*Task prompt*:
Set the whole listing down again, word for word, with no pictures.

*Supplied information*:

+ + + + +

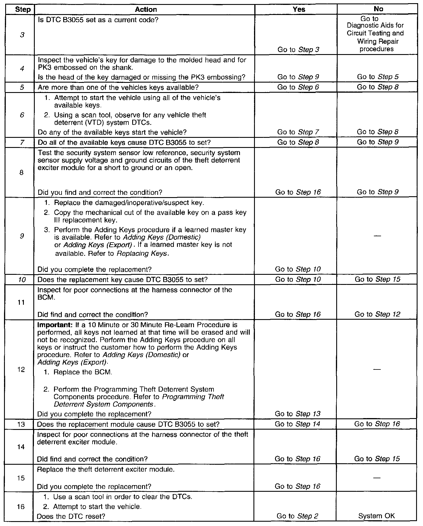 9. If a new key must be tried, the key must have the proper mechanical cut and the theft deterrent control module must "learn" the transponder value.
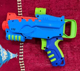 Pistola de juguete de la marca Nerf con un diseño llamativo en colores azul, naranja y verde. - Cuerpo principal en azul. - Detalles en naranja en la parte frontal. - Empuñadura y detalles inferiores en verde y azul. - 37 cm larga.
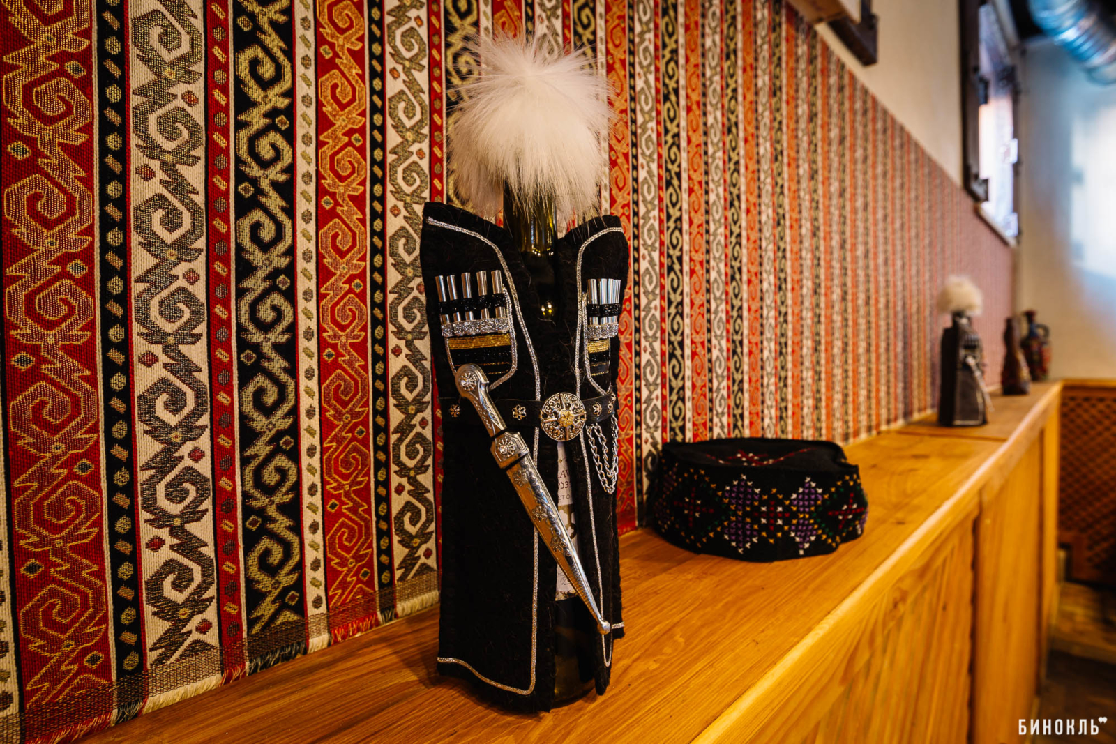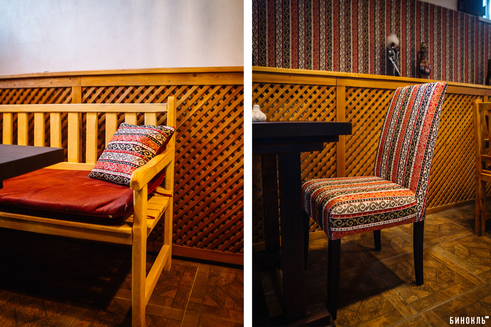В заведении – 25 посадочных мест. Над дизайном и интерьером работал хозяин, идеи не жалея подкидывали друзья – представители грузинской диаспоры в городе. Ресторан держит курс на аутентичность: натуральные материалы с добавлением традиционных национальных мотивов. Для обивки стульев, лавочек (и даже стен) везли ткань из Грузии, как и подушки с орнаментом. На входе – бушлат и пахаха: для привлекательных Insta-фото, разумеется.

+ + + + +

*Exercise output*:
 9. If a new key must be tried, the key must have the proper mechanical cut and the theft deterrent control module must "learn" the transponder value.
 Pistola de juguete de la marca Nerf con un diseño llamativo en colores azul, naranja y verde. - Cuerpo principal en azul. - Detalles en naranja en la parte frontal. - Empuñadura y detalles inferiores en verde y azul. - 37 cm larga.
В заведении – 25 посадочных мест. Над дизайном и интерьером работал хозяин, идеи не жалея подкидывали друзья – представители грузинской диаспоры в городе. Ресторан держит курс на аутентичность: натуральные материалы с добавлением традиционных национальных мотивов. Для обивки стульев, лавочек (и даже стен) везли ткань из Грузии, как и подушки с орнаментом. На входе – бушлат и пахаха: для привлекательных Insta-фото, разумеется.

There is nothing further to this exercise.